[Provided records]:
§ §
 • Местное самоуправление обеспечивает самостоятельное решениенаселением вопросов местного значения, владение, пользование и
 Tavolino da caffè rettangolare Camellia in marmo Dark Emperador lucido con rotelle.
§ §
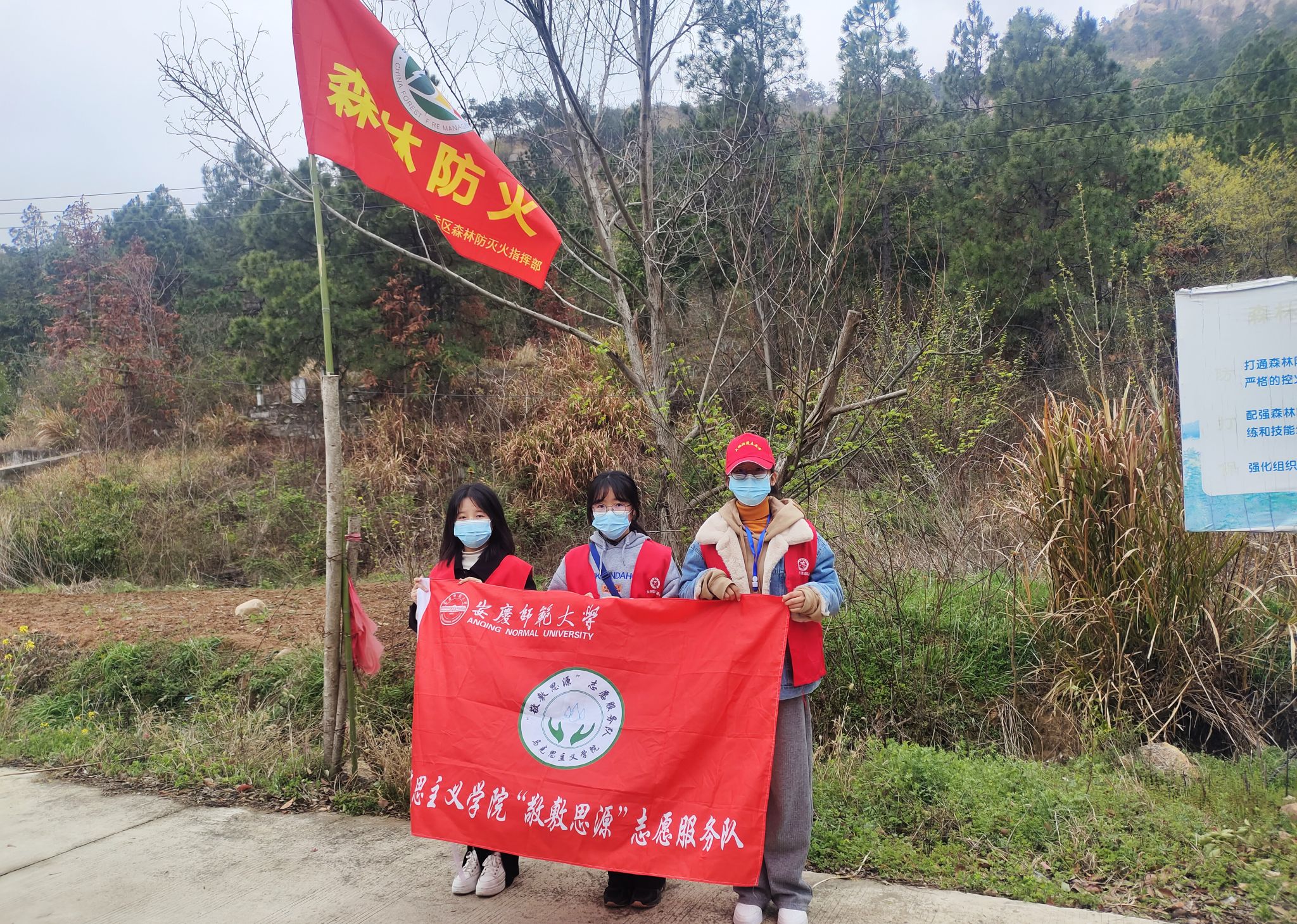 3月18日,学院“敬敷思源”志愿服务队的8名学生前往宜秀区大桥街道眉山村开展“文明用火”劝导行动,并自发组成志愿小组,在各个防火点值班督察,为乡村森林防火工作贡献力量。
§ §
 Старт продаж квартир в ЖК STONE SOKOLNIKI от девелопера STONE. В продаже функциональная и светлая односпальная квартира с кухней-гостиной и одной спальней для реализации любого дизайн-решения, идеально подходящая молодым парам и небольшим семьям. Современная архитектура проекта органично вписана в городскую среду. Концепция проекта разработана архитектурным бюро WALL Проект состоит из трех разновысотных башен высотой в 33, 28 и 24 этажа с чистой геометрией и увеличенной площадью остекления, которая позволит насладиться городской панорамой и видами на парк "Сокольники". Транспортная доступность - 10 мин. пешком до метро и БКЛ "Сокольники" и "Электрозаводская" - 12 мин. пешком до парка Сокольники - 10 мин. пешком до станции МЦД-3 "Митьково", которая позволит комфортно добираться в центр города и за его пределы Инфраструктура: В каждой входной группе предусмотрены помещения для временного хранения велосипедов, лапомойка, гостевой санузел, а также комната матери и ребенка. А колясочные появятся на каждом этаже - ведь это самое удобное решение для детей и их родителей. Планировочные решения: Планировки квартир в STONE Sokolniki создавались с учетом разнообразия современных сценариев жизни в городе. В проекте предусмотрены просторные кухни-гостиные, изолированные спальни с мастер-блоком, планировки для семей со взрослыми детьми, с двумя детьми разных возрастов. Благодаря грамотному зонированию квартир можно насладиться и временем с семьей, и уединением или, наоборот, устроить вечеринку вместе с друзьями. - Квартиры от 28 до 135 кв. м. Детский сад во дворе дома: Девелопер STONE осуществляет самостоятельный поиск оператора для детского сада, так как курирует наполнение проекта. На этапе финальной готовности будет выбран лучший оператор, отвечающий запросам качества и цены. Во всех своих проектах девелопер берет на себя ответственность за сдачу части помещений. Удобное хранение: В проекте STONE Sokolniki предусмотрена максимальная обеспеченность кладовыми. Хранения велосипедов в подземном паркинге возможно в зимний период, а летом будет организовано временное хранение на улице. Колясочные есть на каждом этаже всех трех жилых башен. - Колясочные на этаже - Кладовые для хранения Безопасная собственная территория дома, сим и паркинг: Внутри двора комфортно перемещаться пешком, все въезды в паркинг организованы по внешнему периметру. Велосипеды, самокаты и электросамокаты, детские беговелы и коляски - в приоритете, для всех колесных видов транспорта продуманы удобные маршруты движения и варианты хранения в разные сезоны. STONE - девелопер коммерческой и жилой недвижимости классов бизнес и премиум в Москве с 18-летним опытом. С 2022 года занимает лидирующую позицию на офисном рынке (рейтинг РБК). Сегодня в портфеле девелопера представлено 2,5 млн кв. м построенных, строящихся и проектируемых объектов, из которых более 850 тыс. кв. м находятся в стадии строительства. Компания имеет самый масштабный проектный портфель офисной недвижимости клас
§ §
[Your goal]: Where the listing above has a line with "владение, пользование и", start there, and output every line exactly through the line with "Tavolino da caffè", which is also included.

[Response area]:
 • Местное самоуправление обеспечивает самостоятельное решениенаселением вопросов местного значения, владение, пользование и
 Tavolino da caffè rettangolare Camellia in marmo Dark Emperador lucido con rotelle.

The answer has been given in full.